What, then, becomes of lay participation, which many Catholics feel is necessary to their benefit from Mass? The answer is that internal participation excels (and is the goal of) external. The faithful unite their intentions to those of the priest; they follow along in the missal or spend time in mental prayer; they weld their souls to the sacrifice. After all, the most active participation there ever was in any Mass was that of the Virgin Mary at the foot of the cross, who neither did nor said anything the Evangelists thought worthy of reporting. In fact the famous hymn says only “Stabat mater dolorosa” — the mournful mother stayed.

Well-catechized Catholics know the foregoing doctrines, which are true of all the different liturgical rites of the Church, yet they shy away from the form that most visibly embodies them. That is, I daresay, a spiritual loss. The Latin Mass is certainly intimidating in its solemnity and otherworldliness, but how else should the Holy Sacrifice be than solemn and otherworldly? The same riches that profited Saint Teresa of Ávila and Saint Francis de Sales can be available to every Catholic today, and it would be sad indeed to forfeit one’s inheritance because of a little discomfort.
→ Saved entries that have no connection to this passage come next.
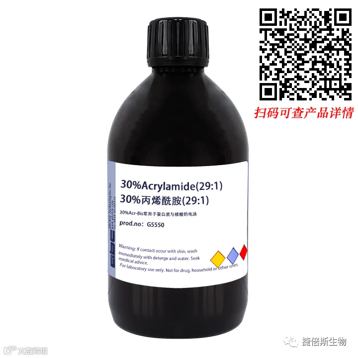 解决方案:捷倍斯生物(GBCBIO)生产的聚丙烯酰胺-G5550质量稳定可靠,使用方便无需直接接触毒性较强的丙烯酰胺粉末,而且有多种浓度比例可选择。
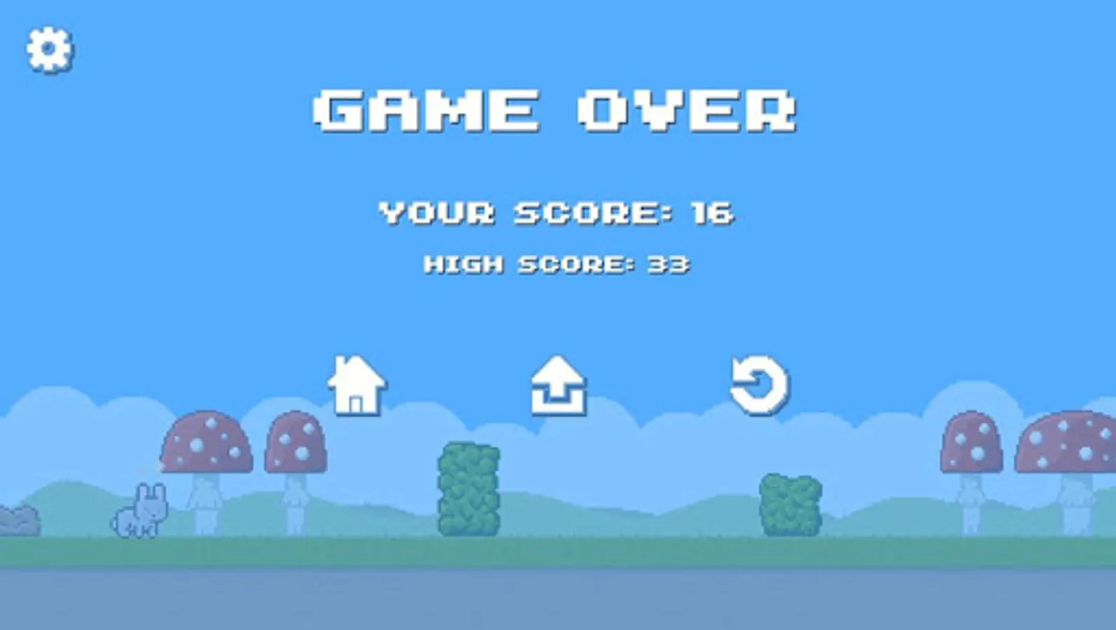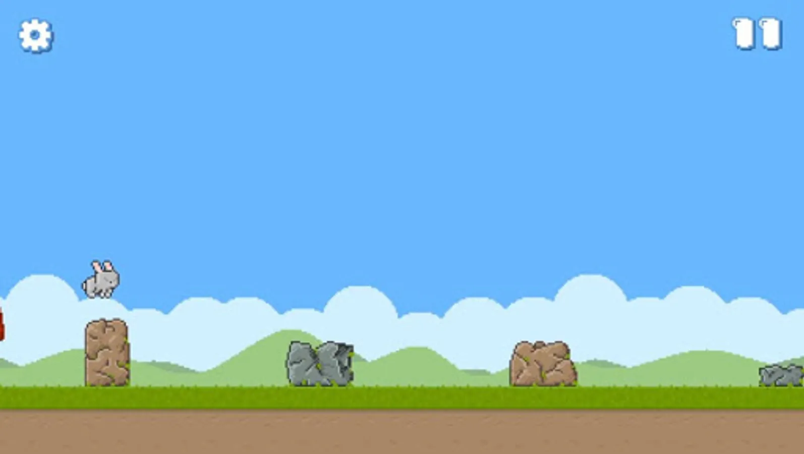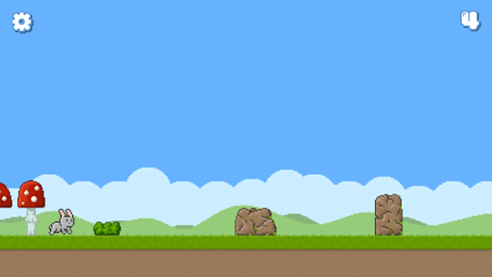 Nimble Feet is an old-school style arcade game. The gameplay is simple, just run with the bunny under the huge mushrooms (beware not to hit your head) and jump over obstacles like bushes, rocks and mounds.
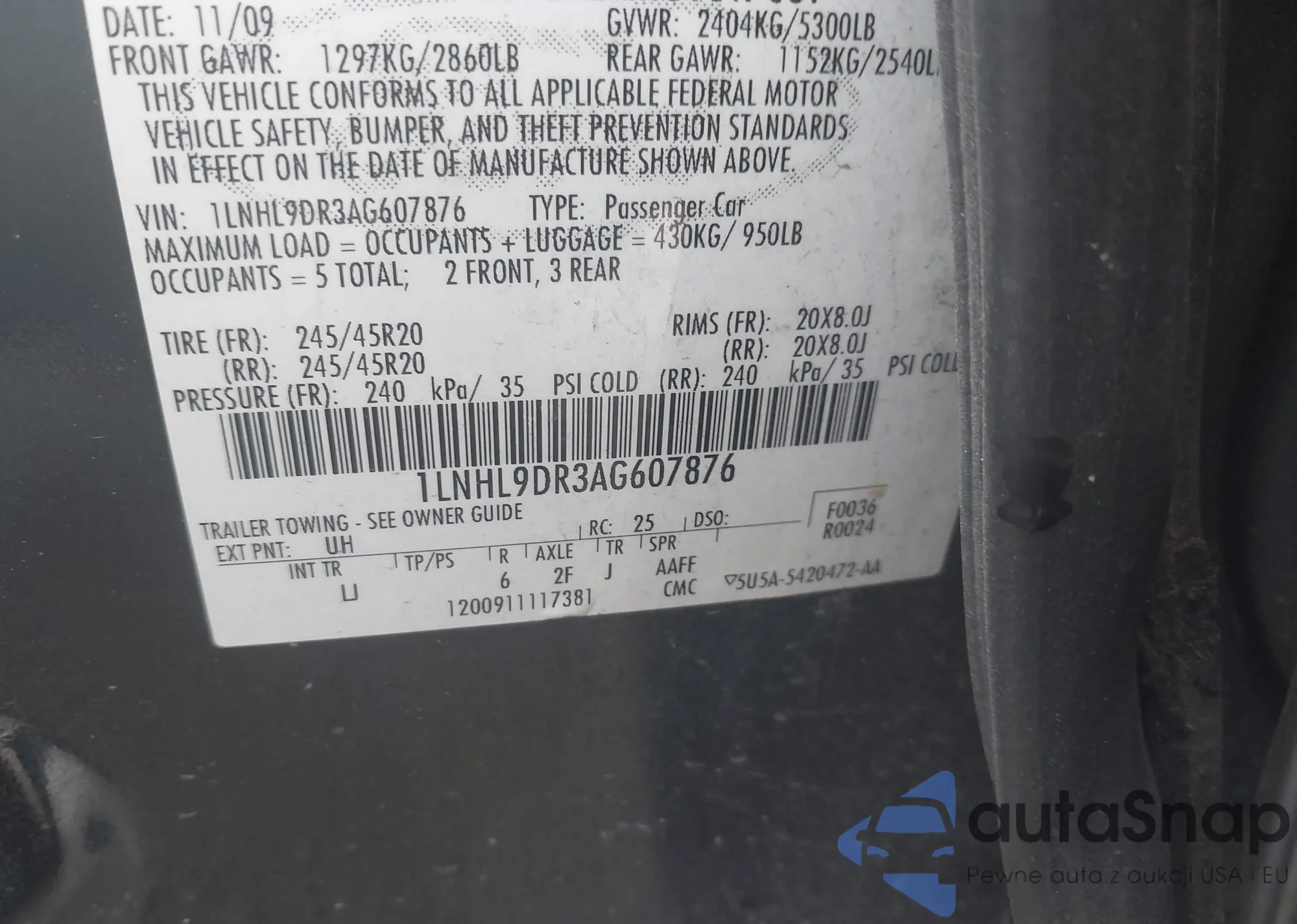 • VIN 1LNHL9DR3AG607876

St. Josemaría Escrivá, founder of Opus Dei — which uses the Novus Ordo and is wildly popular among conservative Catholics — said the Latin Mass daily until his death in 1975, well after the institution of the new liturgy.

“If it is so,” said Sir Arnold Lunn in the Sixties, “that the Latin Mass is only for the educated few, surely Mother Church in all her charity can find a little place even for the educated few?” Though I applaud the wit I cannot concede the premise: The Latin Mass is, and always has been, for everyone.